What you are asked to do: Set down all of the data that follows word for word, without the images.

Data records:

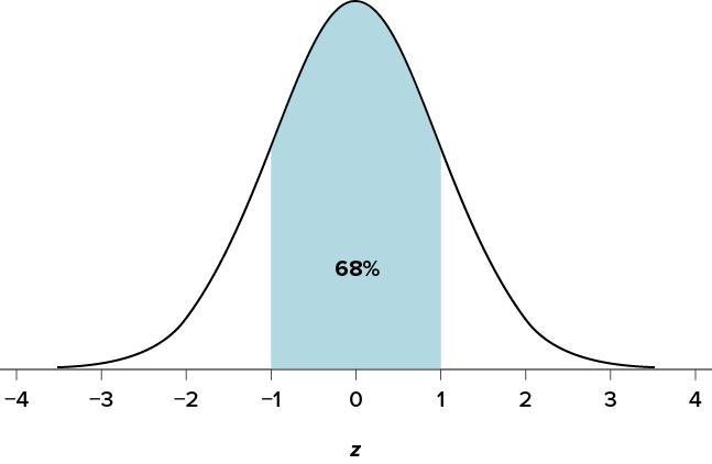 First, let’s look at the area between z = −1.00 and z = 1.00 presented in Figure 5.2. We were told earlier that this region contains 68% of the area under the curve. Thus, if we randomly chose a z score from all possible z scores, there is a 68% chance that it will be between z = −1.00 and z = 1.00 because those are the z scores that satisfy our criteria.
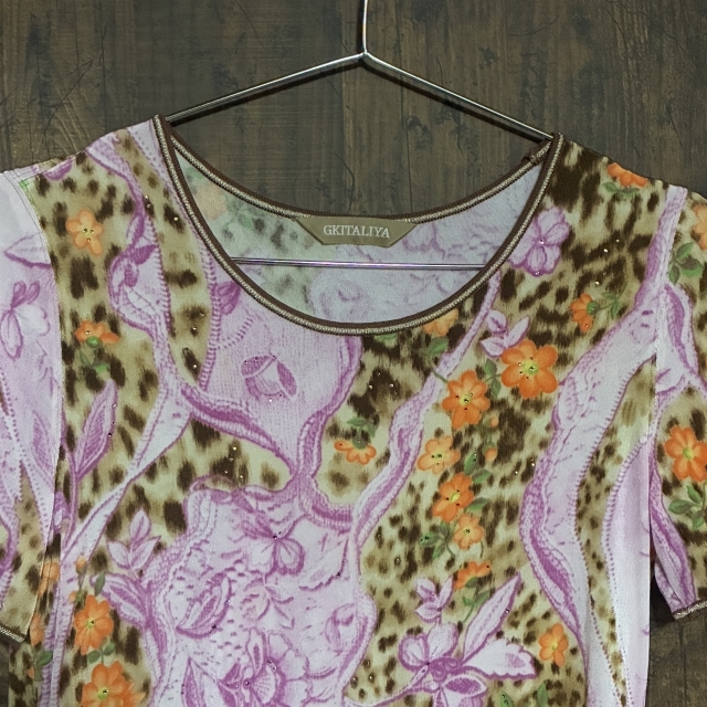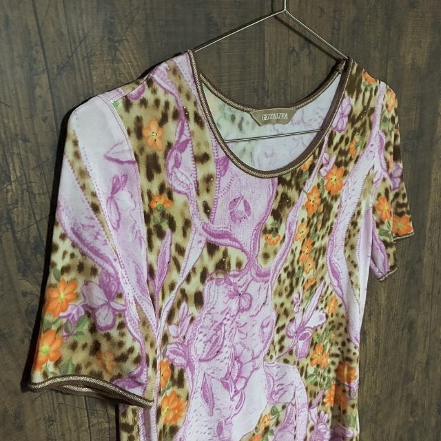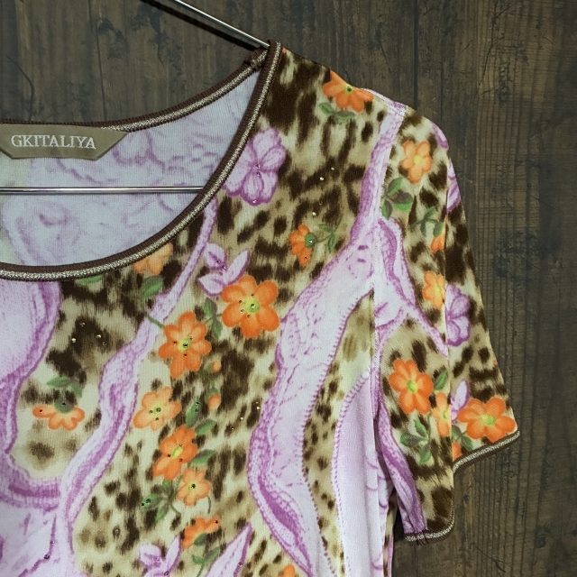 C40◇GKITALIYA | GKイタリヤ 総柄Tシャツ ピンク×マルチカラー レディース 9サイズ 中古品
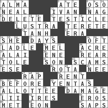 ACROSS 1. _ mater 5. Had dinner 8. Bear (Spanish) 11. Be tempered by heat 12. "Terrible" tsar 13. Tired old horse 14. Keyboard key 17. A testis 19. A period of five years 21. Cigar-shaped 22. Hyperbolic tangent 23. Period 24. A female animal or person 27. 24-hour periods 29. Often (poetically) 32. Dipping utensil 34. Cartoonist voice _ Blanc 36. 1/640 square mile 37. Jai _ 38. Compass dir. 39. Bring up, as a child 40. Lacquered or enameled metalware 41. Manchild 42. Fraudulent business schemes 43. Compass dir. 44. Roll call or roster of names 46. Born 47. Strike 50. Monthly bill 52. Prior to 55. Gossips 57. One to whom something is allotted 59. Break 62. Cards in a Roman deck? 63. Angers 64. Greek god of love 65. Was introduced to 66. Period of immesurable duration 67. Plant excrements DOWN 1. Added to 2. Area sheltered from the wind 3. Promenade 4. Native American of Southwest Alaska 5. "___ Maria" 6. Clothes sense 7. Keyboard key 8. At one time in the past 9. Table seasoning 10. Double curve, resembling the letter S 12. Call ___ day 15. Sadhe (variant) 16. Inactive volcano in Sicily 18. Retirement account (abbr.) 20. Poems 24. Schedule 25. Saint headwear 26. Peak District village in England 28. Sir (Sp.) 29. Sea 30. Movie unit 31. Laconic 33. Untruth 35. Poe poem 36. Curve 42. Before Barbara or Clara 45. Be inclined (to) 47. Friend of Pooh 48. Nick name for Arthur 49. Stone: prefix 51. Corrects by punishment or discipline 52. Lip ointment 53. Writer Wiesel 54. Secret move to avoid paying debts 55. Consenting reply 56. "Two Mules for Sister ____" 58. Car or cant ending 60. Grand Old Party 61. Curvy letter
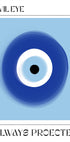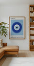 Een gedurfde en moderne illustratie van het traditionele boze oog-symbool, dat staat voor bescherming en het afweren van negatieve energie. Het opvallende ronde ontwerp in blauw en wit creëert een sterke minimalistische expressie met culturele betekenis.
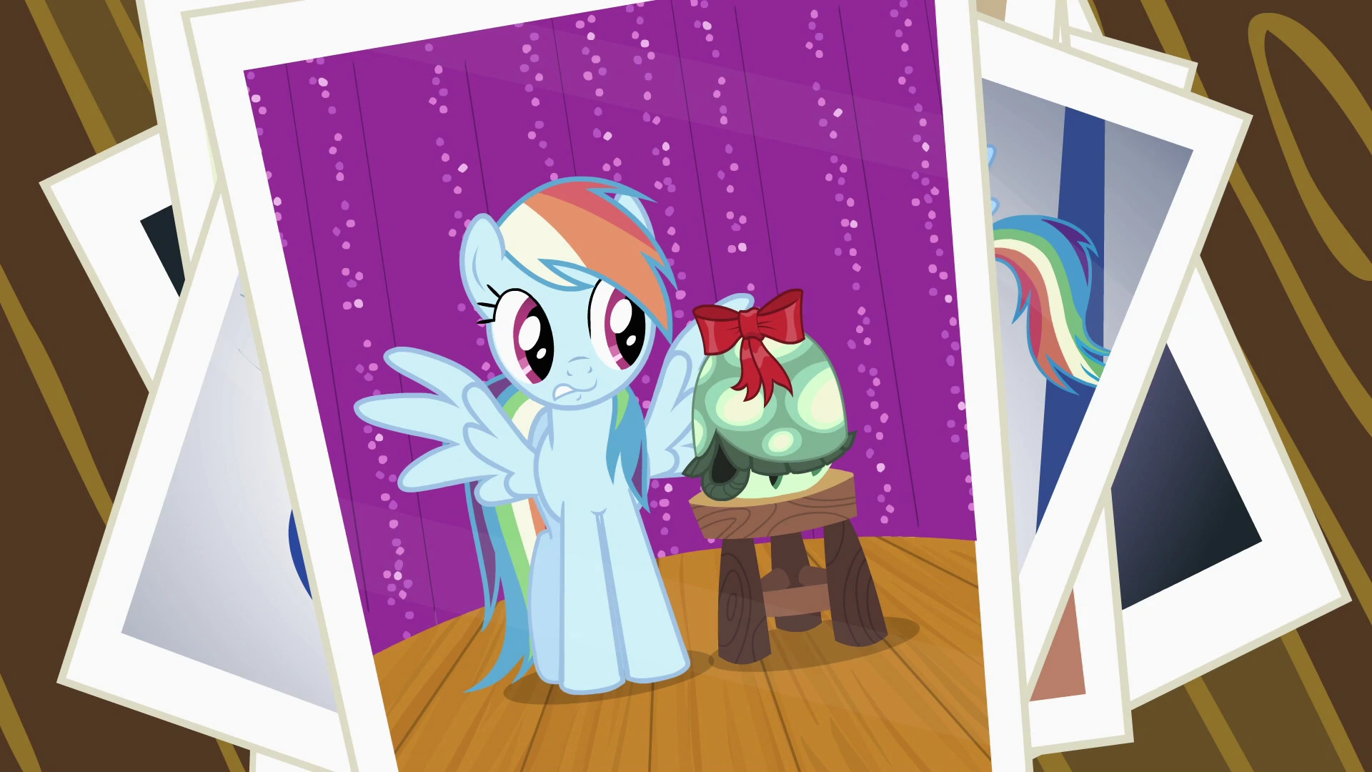 - Rainbow Dash: Żartujesz, Fluttershy. Żółw? Po coś mi go przyprowadziła?
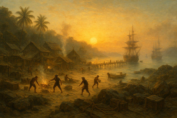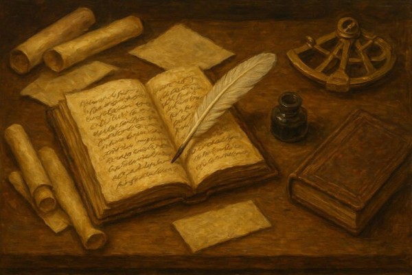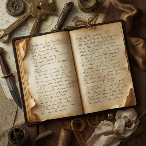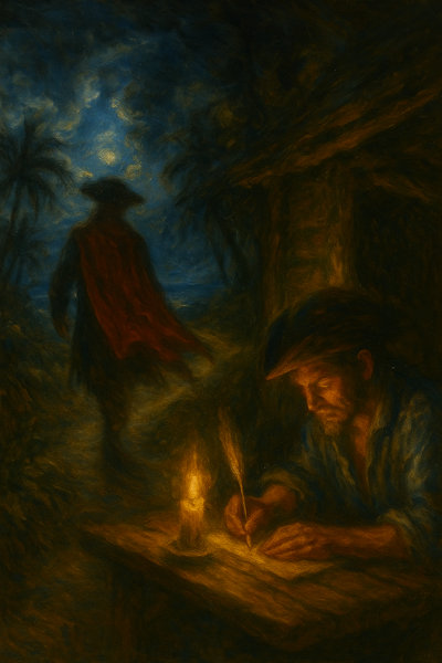 Quell’estate era tornato a racimolare e a consultare quanto più materiale possibile. Fu un lavoro lungo, estenuante, che spesso lo fece crollare per la fatica sul piccolo scrittoio della sua cabina. Più di una volta si era svegliato di soprassalto ancora seduto sulla sua sedia scricchiolante e con un balzo si era gettato sul letto per riposare qualche ora. Non appena apriva gli occhi, tornava immediatamente a consultare quell'immensa mole di scritti, spesso dimenticando anche di mangiare o di girare per l’isola. Unica compagna fedele la sua riserva di bottiglie di grog.

Response to the task:
 First, let’s look at the area between z = −1.00 and z = 1.00 presented in Figure 5.2. We were told earlier that this region contains 68% of the area under the curve. Thus, if we randomly chose a z score from all possible z scores, there is a 68% chance that it will be between z = −1.00 and z = 1.00 because those are the z scores that satisfy our criteria.
 C40◇GKITALIYA | GKイタリヤ 総柄Tシャツ ピンク×マルチカラー レディース 9サイズ 中古品
 ACROSS 1. _ mater 5. Had dinner 8. Bear (Spanish) 11. Be tempered by heat 12. "Terrible" tsar 13. Tired old horse 14. Keyboard key 17. A testis 19. A period of five years 21. Cigar-shaped 22. Hyperbolic tangent 23. Period 24. A female animal or person 27. 24-hour periods 29. Often (poetically) 32. Dipping utensil 34. Cartoonist voice _ Blanc 36. 1/640 square mile 37. Jai _ 38. Compass dir. 39. Bring up, as a child 40. Lacquered or enameled metalware 41. Manchild 42. Fraudulent business schemes 43. Compass dir. 44. Roll call or roster of names 46. Born 47. Strike 50. Monthly bill 52. Prior to 55. Gossips 57. One to whom something is allotted 59. Break 62. Cards in a Roman deck? 63. Angers 64. Greek god of love 65. Was introduced to 66. Period of immesurable duration 67. Plant excrements DOWN 1. Added to 2. Area sheltered from the wind 3. Promenade 4. Native American of Southwest Alaska 5. "___ Maria" 6. Clothes sense 7. Keyboard key 8. At one time in the past 9. Table seasoning 10. Double curve, resembling the letter S 12. Call ___ day 15. Sadhe (variant) 16. Inactive volcano in Sicily 18. Retirement account (abbr.) 20. Poems 24. Schedule 25. Saint headwear 26. Peak District village in England 28. Sir (Sp.) 29. Sea 30. Movie unit 31. Laconic 33. Untruth 35. Poe poem 36. Curve 42. Before Barbara or Clara 45. Be inclined (to) 47. Friend of Pooh 48. Nick name for Arthur 49. Stone: prefix 51. Corrects by punishment or discipline 52. Lip ointment 53. Writer Wiesel 54. Secret move to avoid paying debts 55. Consenting reply 56. "Two Mules for Sister ____" 58. Car or cant ending 60. Grand Old Party 61. Curvy letter
 Een gedurfde en moderne illustratie van het traditionele boze oog-symbool, dat staat voor bescherming en het afweren van negatieve energie. Het opvallende ronde ontwerp in blauw en wit creëert een sterke minimalistische expressie met culturele betekenis.
 - Rainbow Dash: Żartujesz, Fluttershy. Żółw? Po coś mi go przyprowadziła?
 Quell’estate era tornato a racimolare e a consultare quanto più materiale possibile. Fu un lavoro lungo, estenuante, che spesso lo fece crollare per la fatica sul piccolo scrittoio della sua cabina. Più di una volta si era svegliato di soprassalto ancora seduto sulla sua sedia scricchiolante e con un balzo si era gettato sul letto per riposare qualche ora. Non appena apriva gli occhi, tornava immediatamente a consultare quell'immensa mole di scritti, spesso dimenticando anche di mangiare o di girare per l’isola. Unica compagna fedele la sua riserva di bottiglie di grog.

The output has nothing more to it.